Francis Potter, a reclusive
18
, monkish man whom I have never met, even though he used to live in Trinity College and his brother Hannibal whom I know well still does, has a book with the booksellers called
An Interpretation of the Number 666
. It is said the idea for it came to him seventeen years ago as he climbed and counted the stairs to his college room. He has extracted 25 as the nearest square root to the Number of the Beast and contrasted it with 12: the square root of 144, the number of the Church. Potter, whom I would love to meet, argues that 25 is a fatal and unfortunate number. In the Book of Revelation he has found many instances of the number 12; in the Roman Church he has found many instances of 25. There were 12 Apostles, but 25 cardinals in the Church of Rome. There were 12 Commandments in the Apostles’ Creed, but 25 Articles of the Roman faith, published by Pius IV after the Council of Trent. The High Altar in St Peter’s Church in Rome is surmounted by a gilded cross, 25 hands high, and the High Altar itself is an exact cube 25 x 25 feet. Christ began to do his father’s work when he was 12 years old; but priests, deacons and subdeacons of the Roman Church reach vocational maturity at 25. The Church’s main holidays, including Christmas, are held on the 25th of the month. As I lie awake at night in Broad Chalke, reading, missing Oxford, wishing I could return there, I imagine Potter waking in a cold sweat, terrified of being brought before the Pope in Rome and condemned to death for his ideas. Thoughts of the Antichrist fill my mind as the rising sun throws a lattice of intersecting lines across the bedroom floor. Those who talk of politics say a universal darkness is gathering. The King and his Parliament are irreconcilably at odds. Chaos will break over England.

. . .

I have met
19
and become friends with the divine and mathematician Edward Davenant, vicar of Gillingham in Dorset. He is of great diligence in study and well versed in all kinds of learning. He tells me he has no esteem for astrology at all. He is helping me learn algebra; his daughters are already algebrists.

. . .

23 October

On this day the Battle of Edgehill was fought in southern Warwickshire: the war is begun.
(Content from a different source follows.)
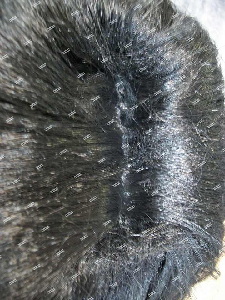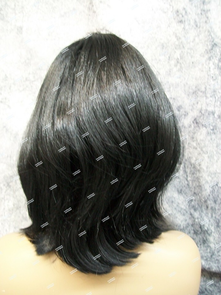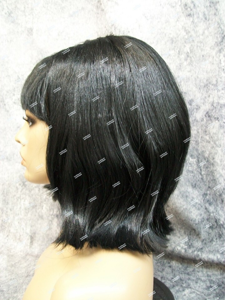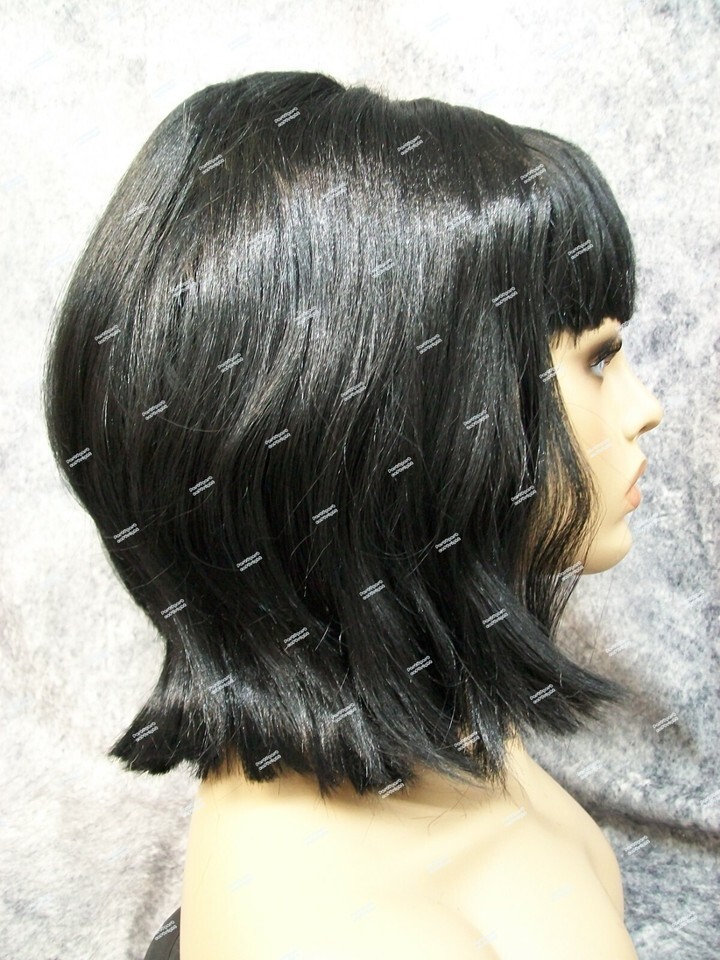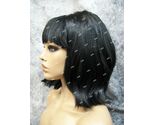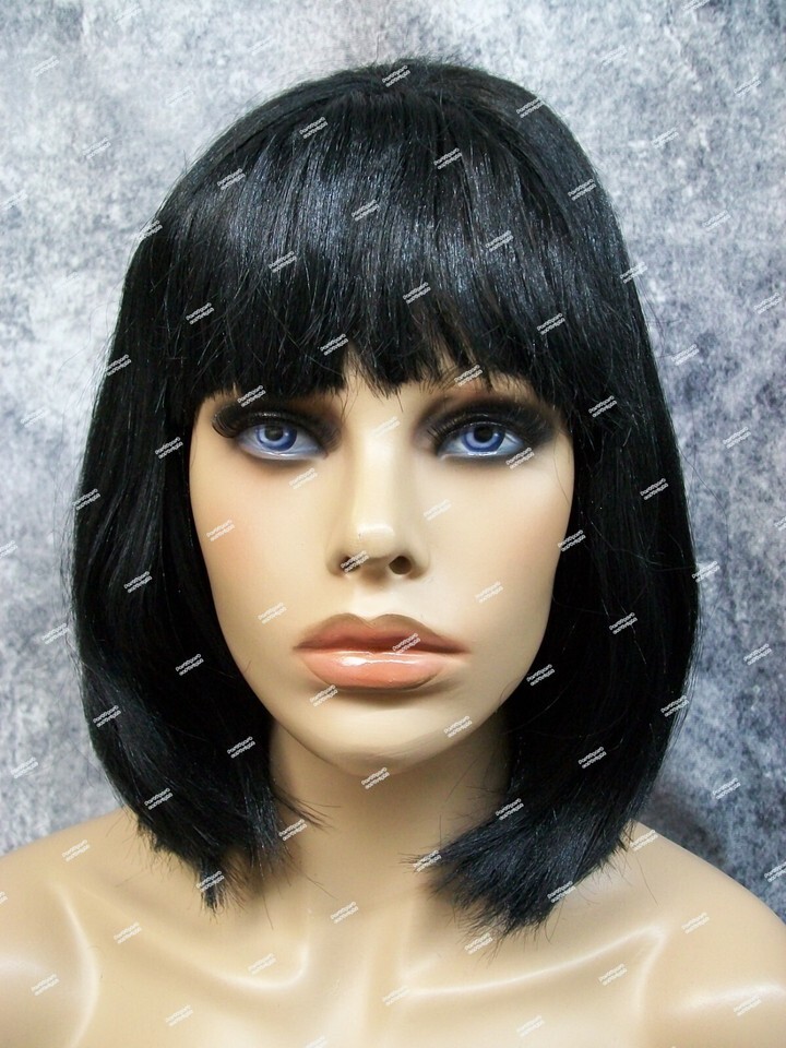 Black Wig with Bangs. This wig will require some light stuffing to create the bump. Ends can be combed under or flipped up. One side didn't want to cooperate very well. Tried to show both ways on mannequin. Some shorter crimped filler hair throughout some ends stick out. Part is messy, it kinda looks glued in the seam. It is jagged looking not completely straight. Adjust fiber to conceal net on cap if needed. Expect quite a bit of Shedding. There is hardly any stretch to the elastic on the cap. May fit loose so pinning may be necessary to secure in place. Pins not included. Does not include mannequin. For ages 14 and up.

Neither the King’s nor the Parliament’s army triumphed. The result is inconclusive and the King has resumed his march on London, but is thwarted in arriving there.

. . .

Anno 1643

February

I have revolted against my father. With much ado, I have overridden his fearful anxiety and am once again in Oxford, where King Charles has entered the city like Apollo and taken it back from the Parliament’s soldiers. As I rode back here I saw perhaps a dozen soldiers, belonging to the King’s garrison in Abingdon, keeping watch near the barrow on Cutchinlow Hill. They stood guard in a great pit so that if the enemy comes, only their heads will be shot at. Oxford is crowded with soldiers. The King resides in Christ Church and his Queen in Merton College. A special path has been laid through the grounds of Corpus Christi for them to visit each other. Sometimes the visits are secret, sometimes ceremonial. The court has been shrunken in scale and mapped on to Oxford and the King’s army is billeted here: he is gathering his forces. There are already several thousand foot soldiers and three troops of horses, but more keep coming. The city is too small to cope. It is overfull, disease-ridden, people in the street are hungry and dying. All the colleges have become barracks; Magdalen Hall is an arsenal; where once was the corn market men make bullets, so grain is stored now in the Academic Schools and those that labour there produce military uniforms not arguments or scholarship; Oxford Castle is a prison; Osney Abbey a powder mill.